On the other hand, the appetite for transformative adventures has evaporated. The public views the war in Iraq as a failure. A full 43 percent now say that even the war in Afghanistan was a "mistake" from the outset. And large majorities take a dim view of democracy promotion in general. This, then, is the national mood nine years after the terrorist attacks: sullen, suspicious, defensive, borderline isolationist. (For more on this, see Scott Malcomson's fine new memoir on the subject, Generation's End: A Personal Memoir of American Power After 9/11.) I'm beginning to wonder if, back in 2007, I should have paid less attention to Obama's sweeping new formulation and more to his hyperbolic attempt to prove to a wary public that he wasn't going to be soft on terrorism.
Obama has trod carefully -- perhaps too carefully -- on issues like the closing of Guantánamo or the detention of alleged terrorists without trial; but these are intrinsically hard questions, and in neither case would be it fair to say that he has trafficked in the color-coded politics of fear. Nevertheless, the administration's policies have had the inadvertent effect of enhancing the national preoccupation with the threat from the Islamic world. From the very outset of his tenure, Obama has seen his great mission to be undoing the harm that his predecessor did in the Middle East. He gave his first interview as president to news channel Al Arabiya; he made his first phone calls to Middle Eastern leaders. By far, the most important speech of his first year in office was the Cairo address in which he promised a "new beginning" in the Middle East. And the consuming foreign-policy issues of his tenure have been the nuclear standoff in Iran and the war in Afghanistan -- a war, Obama has consistently argued, that America cannot afford to lose.

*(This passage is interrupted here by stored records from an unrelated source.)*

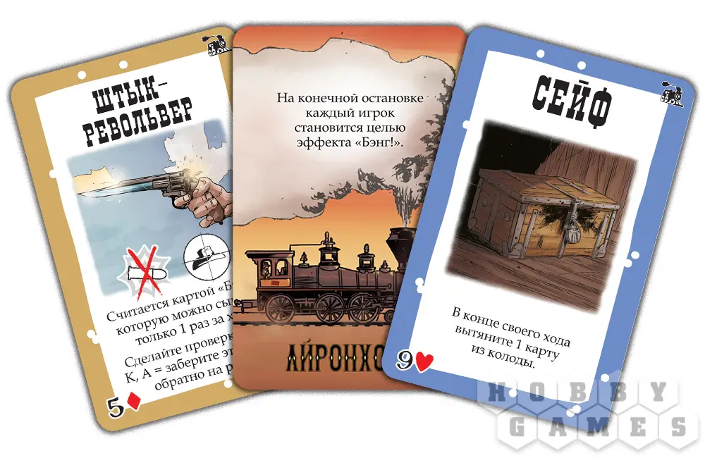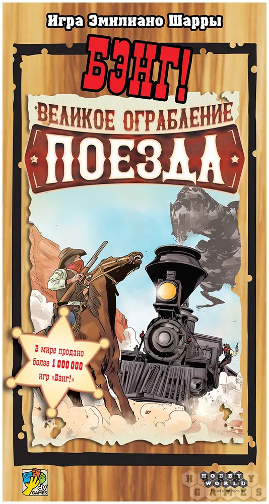 "Великое ограбление поезда" – это дополнение для настольной игры "Бэнг!", название которого говорит само за себя! Теперь пальба из револьверов обретает ещё одну цель – поезд, набитый драгоценностями. В комплекте данного набора вы найдёте специальные жетоны станций, дающие разные бонусы, и жетон поезд, а также новых персонажей и уникальные карты, с помощью которых вы сможете эффективнее захватывать или защищать вагоны поезда. Выберите свою сторону и в путь-дорогу!
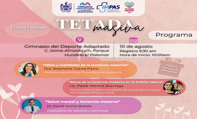 Ciudad de Chihuahua.- El Instituto Municipal de Prevención y Atención a la Salud (IMPAS), y el colectivo Tetada Masiva Chihuahua, invitan a las familias de la capital a la Tetada Masiva 2024, este sábado 10 de agosto en el Gimnasio del Deporte Adaptado “Manuel Trueba” ubicado en el Parque Hundido en la colonia El Palomar.
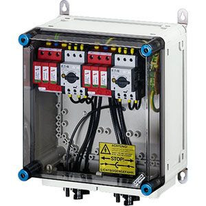 2 x PV-String auf 2 x Wechselrichter-Eingang PV-Anschlussgehäuse für PV-Anlagen bis 1000 V d.c. nach IEC 61439, komplett montiert und anschlussfertig verdrahtet. Die Gehäuse aus hochwertigem Thermoplast sind schutzisoliert, Schutzart IP 65. Nach Bedarf sind PV-Anschlussgehäuse mit DC-Überspannungsableitern, DC-Generatorfreischaltern und Strangsicherungen ausgestattet. Sie sind für die geschützte Installation im Freien geeignet und UV-beständig. Die Wandbefestigung erfolgt über Außenlaschen aus Edelstahl. PV-Anschlussgehäuse mit 2 DC-Überspannungsbleitern Typ 2 und 2 DC-Generatorfreischaltern. 2 x PV-Strang auf 2 x Wechselrichter-Eingang. Die Steckanschlüsse sind kompatibel zu MC4. Deckelverschlüsse für Werkzeugbetätigung.

Unfortunately, the Middle East is the world's most intransigent region, a place where U.S. efforts of any kind produce the most modest outcomes. Obama has "succeeded" in Iraq by redefining success as getting out. Meanwhile in Afghanistan, the United States is spending $100 billion a year, and of course precious lives, while the effort to persuade the Afghan people that their government is worth defending is, if anything, going backward. Obama continues to insist that Afghanistan is the central front in the real war on terror, but the recent report of the Afghanistan Study Group concludes flatly that "the U.S. interests at stake in Afghanistan do not warrant this level of sacrifice."